Простак опять засомневался, правильно ли он расслышал.
— Тошнит от Бродвея?
— Дальше некуда. О, Простак…
Динти умолкла, ибо дверь открылась, и вошел Оскар Фричи. Вид у Оскара был такой же, как всегда, то есть очень даже неважный, и с первых же слов стало ясно, что он буквально вибрирует.
— Послушайте, почему это около театра столько народу? — спросил он, даже не отвлекшись на «Доброе утро». — Я только что проходил мимо театра, а там их целая армия. И в вестибюле толкутся.
Простак, сбив шляпу на затылок, издал короткий смешок. Ох, уж эти новички!
— Они покупают билеты.
— Билеты?
— Ага.
— То есть на шоу? А почему?
— У нас огромный успех.
— Кто так говорит?
— Все так говорят. Вы что, статей не читали?
— Каких?
— О спектакле.

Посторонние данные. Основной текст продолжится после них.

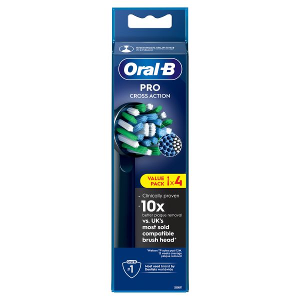 The Oral-B Pro Cross Action toothbrush head features more than 2200 perfectly angled bristles to remove up to 100% more bacterial plaque for cleaner teeth & healthierums vs. a manual toothbrush. Oral-Benuine brush heads are designed with new X-shape bristles that clean in areas that round ones cannot reach. Its brush head usage indicator turns bristles fromreen to yellow showing you when to change for 100% cleaning efficacy.uaranteed fit with Oral-B electric rechargeable toothbrushes except Pulsonic & iO toothbrushes.<\p>

В газетах.
— В газеты у меня не хватило духу заглянуть.
— Динти, у тебя есть газеты?
— Здесь нет. Сходить купить?
— Пожалуйста. И на всей скорости.
— Ладно. А позже, если улучите момент, мистер Шуберт, мне бы хотелось продолжить тему, на которую я говорила, когда нас перебили. Мне много чего есть сказать по этому поводу.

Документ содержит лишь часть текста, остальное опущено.